═════ Stored data ═════
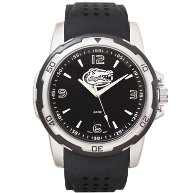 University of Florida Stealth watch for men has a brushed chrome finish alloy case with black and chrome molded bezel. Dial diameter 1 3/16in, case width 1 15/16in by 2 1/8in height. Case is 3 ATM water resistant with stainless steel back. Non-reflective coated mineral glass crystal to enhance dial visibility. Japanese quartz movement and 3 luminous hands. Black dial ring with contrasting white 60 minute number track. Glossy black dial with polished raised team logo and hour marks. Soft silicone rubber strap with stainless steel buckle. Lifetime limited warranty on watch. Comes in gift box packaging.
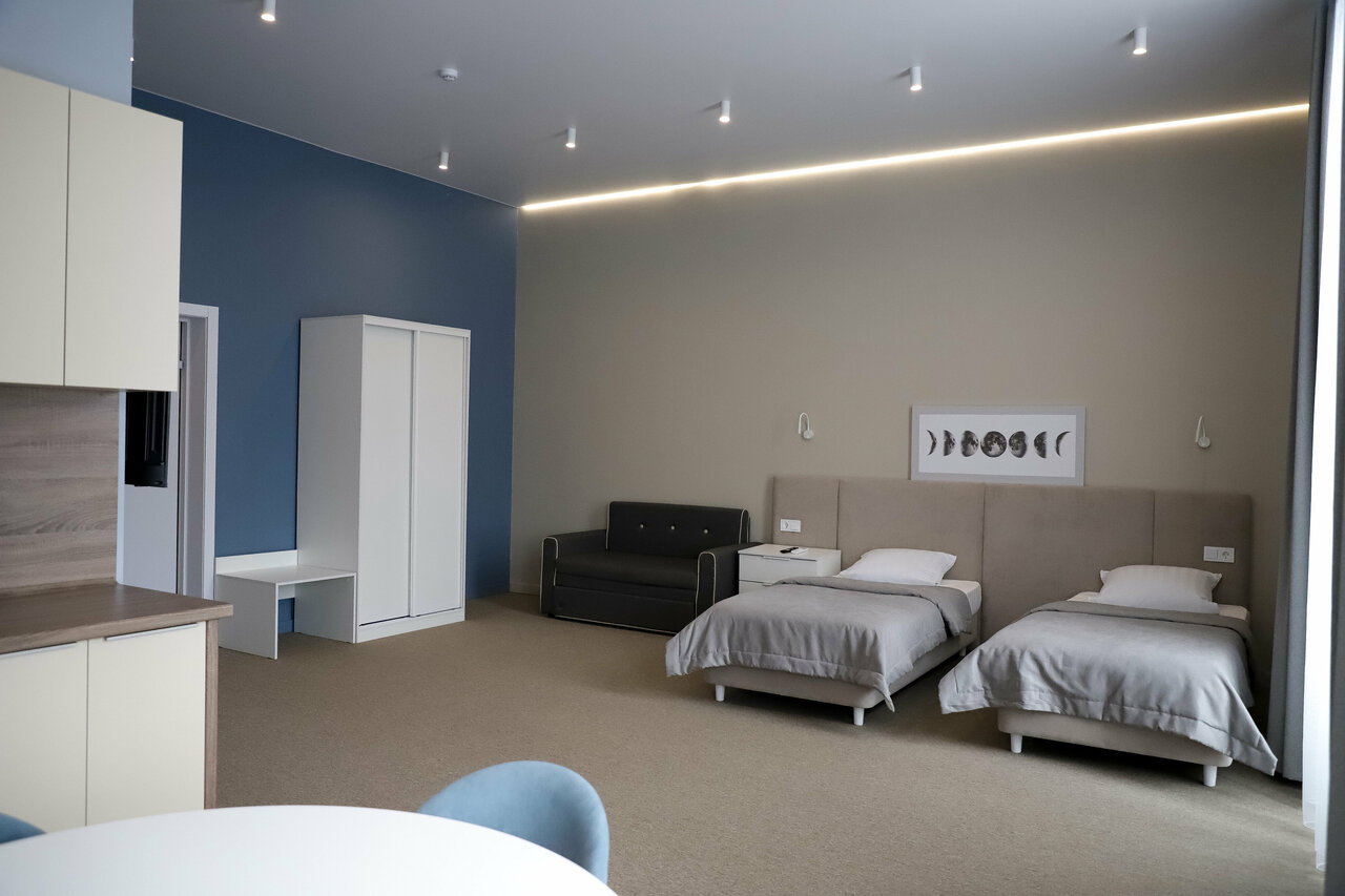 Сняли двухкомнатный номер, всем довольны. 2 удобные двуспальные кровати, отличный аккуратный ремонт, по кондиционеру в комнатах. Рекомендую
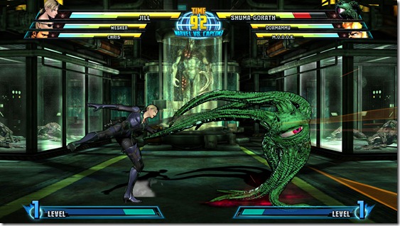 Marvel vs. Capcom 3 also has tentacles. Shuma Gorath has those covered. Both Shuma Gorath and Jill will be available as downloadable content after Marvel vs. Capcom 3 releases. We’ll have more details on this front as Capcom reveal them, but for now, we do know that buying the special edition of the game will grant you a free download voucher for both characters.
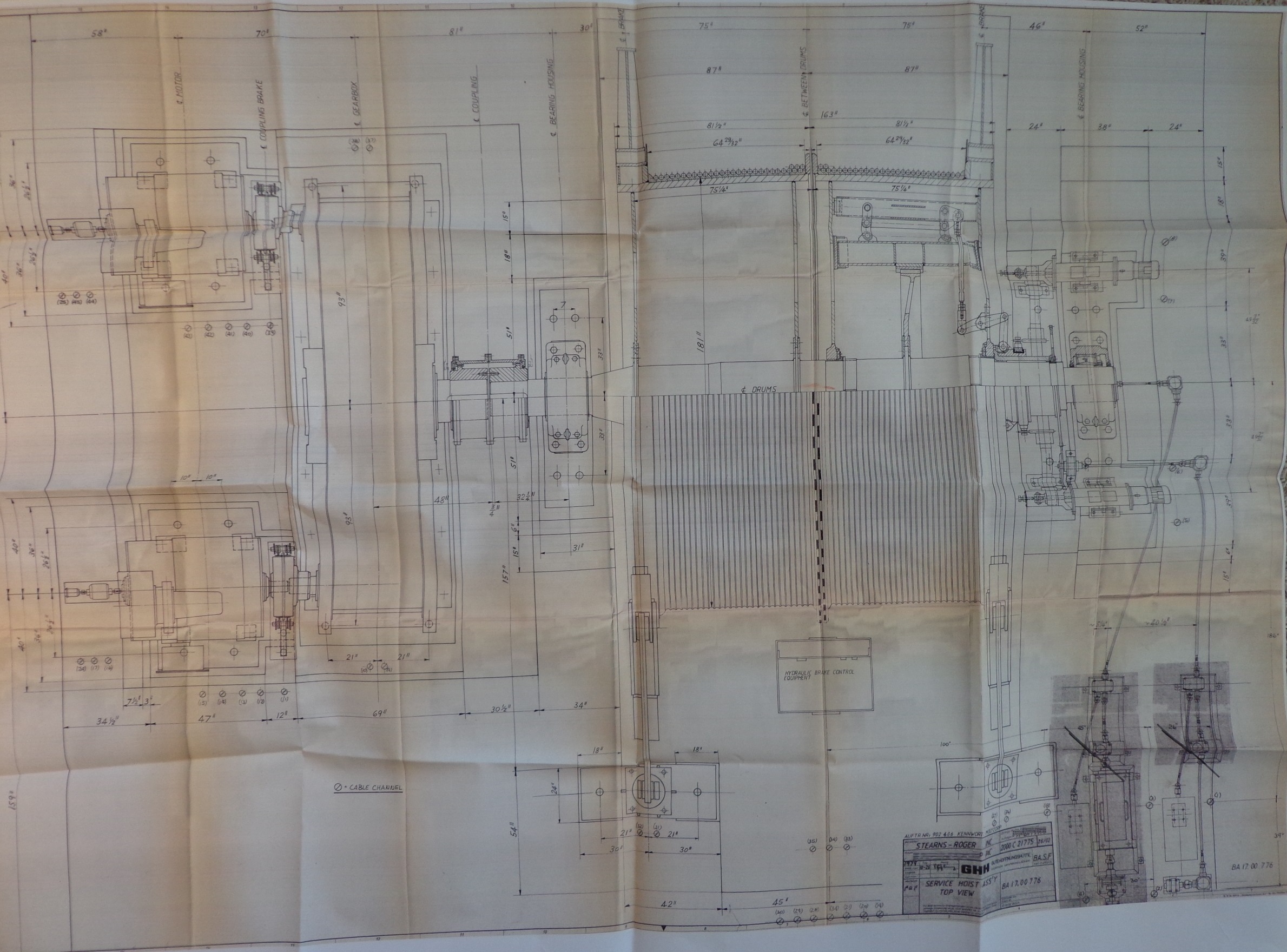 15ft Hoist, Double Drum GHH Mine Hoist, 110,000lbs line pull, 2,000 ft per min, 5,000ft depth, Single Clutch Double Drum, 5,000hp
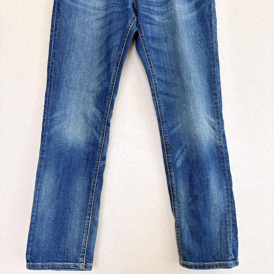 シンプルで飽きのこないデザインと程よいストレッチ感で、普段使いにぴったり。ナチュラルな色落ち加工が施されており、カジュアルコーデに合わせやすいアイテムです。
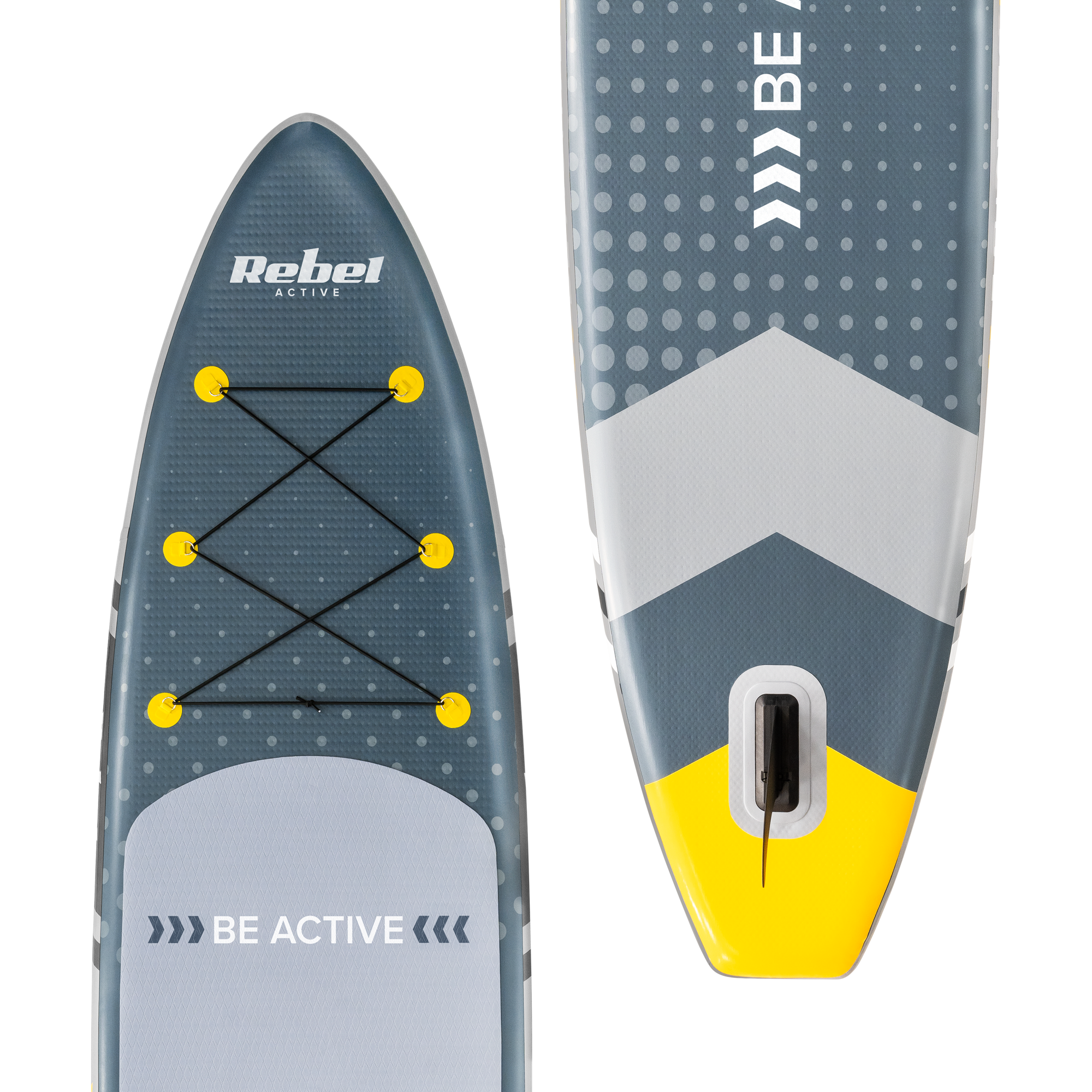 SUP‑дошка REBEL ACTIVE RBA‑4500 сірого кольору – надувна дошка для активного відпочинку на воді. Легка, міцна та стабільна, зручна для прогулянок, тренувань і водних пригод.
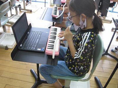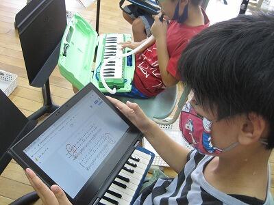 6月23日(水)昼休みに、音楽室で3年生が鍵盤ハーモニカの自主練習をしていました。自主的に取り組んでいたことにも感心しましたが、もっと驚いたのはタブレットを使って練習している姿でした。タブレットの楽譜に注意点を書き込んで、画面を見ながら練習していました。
═════
═════ Stored data ═════
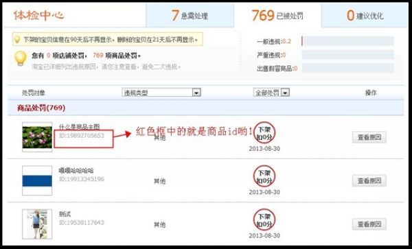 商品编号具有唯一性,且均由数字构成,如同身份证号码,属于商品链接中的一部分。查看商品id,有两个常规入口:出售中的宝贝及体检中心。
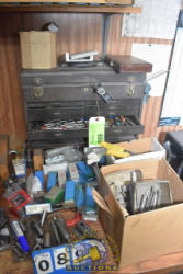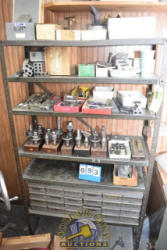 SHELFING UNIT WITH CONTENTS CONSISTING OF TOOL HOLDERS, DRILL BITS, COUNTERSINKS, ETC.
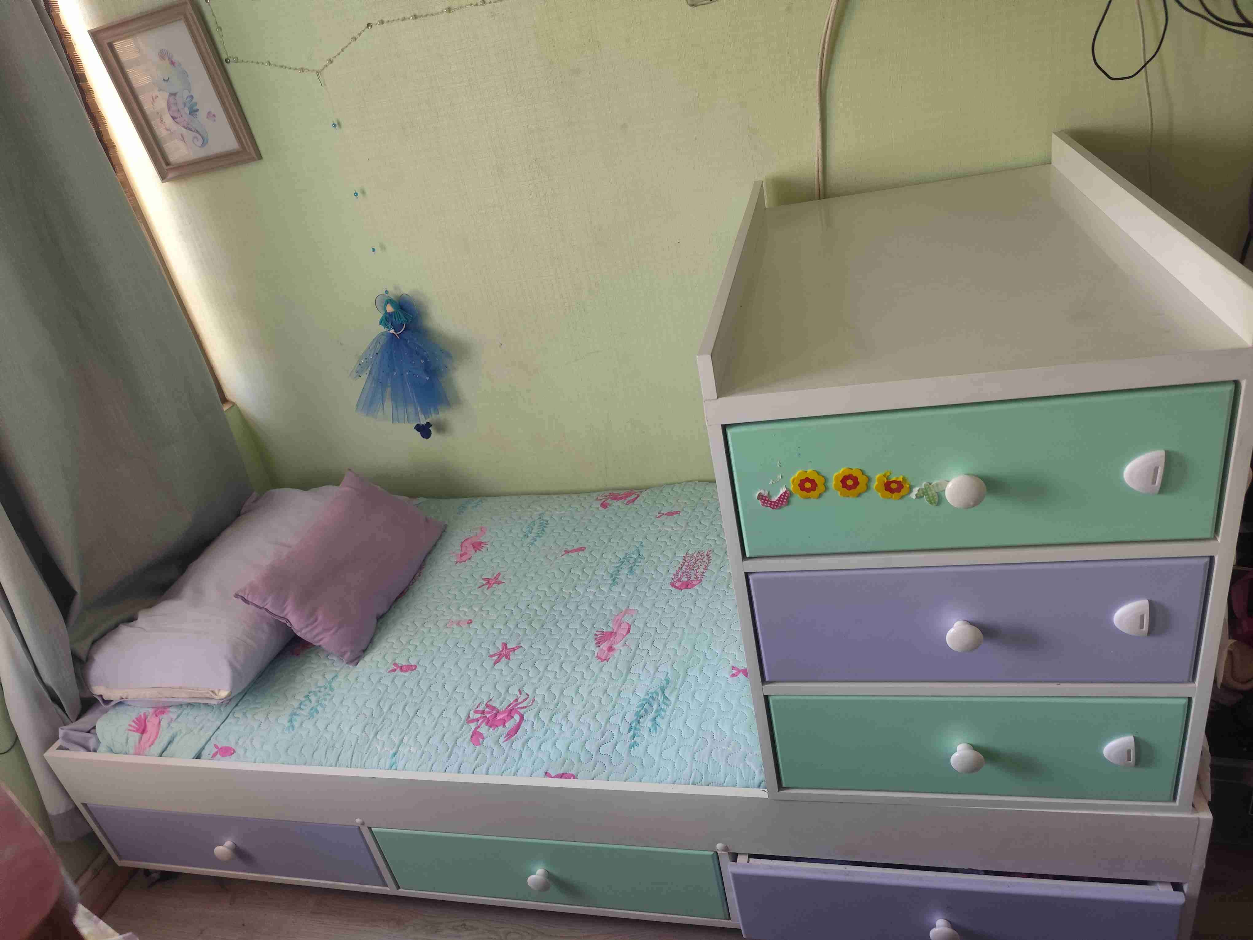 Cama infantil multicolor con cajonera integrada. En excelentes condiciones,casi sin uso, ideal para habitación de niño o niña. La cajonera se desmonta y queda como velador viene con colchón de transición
═════
═════ Stored data ═════
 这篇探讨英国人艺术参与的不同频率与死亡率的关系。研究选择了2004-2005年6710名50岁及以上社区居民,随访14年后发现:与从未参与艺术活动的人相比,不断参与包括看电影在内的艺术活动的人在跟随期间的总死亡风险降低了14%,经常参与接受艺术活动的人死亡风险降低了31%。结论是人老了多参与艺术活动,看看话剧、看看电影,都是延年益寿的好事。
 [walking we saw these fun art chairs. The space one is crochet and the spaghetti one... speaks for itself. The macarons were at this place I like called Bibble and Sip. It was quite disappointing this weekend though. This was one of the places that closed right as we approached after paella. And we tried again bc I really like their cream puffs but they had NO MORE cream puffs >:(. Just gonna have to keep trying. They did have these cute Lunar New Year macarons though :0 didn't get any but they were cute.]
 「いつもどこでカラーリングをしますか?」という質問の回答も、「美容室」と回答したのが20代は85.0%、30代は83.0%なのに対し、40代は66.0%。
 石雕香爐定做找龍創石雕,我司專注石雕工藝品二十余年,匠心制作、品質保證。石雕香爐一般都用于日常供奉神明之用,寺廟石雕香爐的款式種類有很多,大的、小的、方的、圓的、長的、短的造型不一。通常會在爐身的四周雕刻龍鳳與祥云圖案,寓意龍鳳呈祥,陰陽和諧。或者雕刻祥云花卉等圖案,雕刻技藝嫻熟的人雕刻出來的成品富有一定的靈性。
═════
## Work request:
Each line between the one holding "シンプルで飽きのこないデザイ" and the one holding "6月23日(水)昼休みに、音", inclusive, should be copied exactly as it appears above, and pictures should be omitted.

## Solution for this exercise:
 シンプルで飽きのこないデザインと程よいストレッチ感で、普段使いにぴったり。ナチュラルな色落ち加工が施されており、カジュアルコーデに合わせやすいアイテムです。
 SUP‑дошка REBEL ACTIVE RBA‑4500 сірого кольору – надувна дошка для активного відпочинку на воді. Легка, міцна та стабільна, зручна для прогулянок, тренувань і водних пригод.
 6月23日(水)昼休みに、音楽室で3年生が鍵盤ハーモニカの自主練習をしていました。自主的に取り組んでいたことにも感心しましたが、もっと驚いたのはタブレットを使って練習している姿でした。タブレットの楽譜に注意点を書き込んで、画面を見ながら練習していました。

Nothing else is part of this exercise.